Time for a rant on events close to home.
Back in 2008 here in my home province of Manitoba, 22 year old Tim Maclean was stabbed to death, among other horrific acts to has post mortem body (check THIS ) . While the circumstances as to WHY the incident occurred (AKA whether or not the perpetrators claim of mental illness is true) is never really going to be known (you can not know what goes on in in ones brain), the affects are still the same.
Tim Maclean is gone, and is not coming back. No matter what punishment that was (or could have been) handed down to Vince Li, would not be good enough for many.
My way of saying to the rest of the public (in particular, local residents of Manitoba) to just let it go, and leave the family in peace.
But as is the case in many of these situations, that was not to happen.
The story did gradually fade from the public eye (as everything eventually does) after the trial was done, and justice was served (or not served, depending on who you ask). And it stayed out of the public eye for awhile.

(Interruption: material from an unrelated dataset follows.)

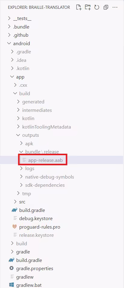 빌드 완료 후 다음 경로에서 빌드된 AAB를 확인할 수 있습니다.

But then a while ago (a year or 2? not sure) there were big media headlines about Li being granted escorted day trips to (I believe) Selkirk. I believe the reason for this is good behavior.
Of course, this set off a slew of public outcry. Everyone had something to say. It was seen as an insult to Tim Maclean, that his killer be allowed some form of “freedom”. And then there were those with the thoughtlessly provocative attitudes (“This is all because of those bleeding heart liberals, Bring back the death penalty!”, “Hang him high!” , “Lock him up and throw away the key!”).
Whether or not the privileges were ever granted, I am unaware. I am guessing that they were. But either way, the story once again faded into the nether of the media and peoples minds. Where it should have stayed.
But as it happened, that was not to be the case.
This week, it was reported that Vince Li may be granted unsupervised group excursions into not only Selkirk, but also Winnipeg. As you can imagine, this did not bid well to the public at large.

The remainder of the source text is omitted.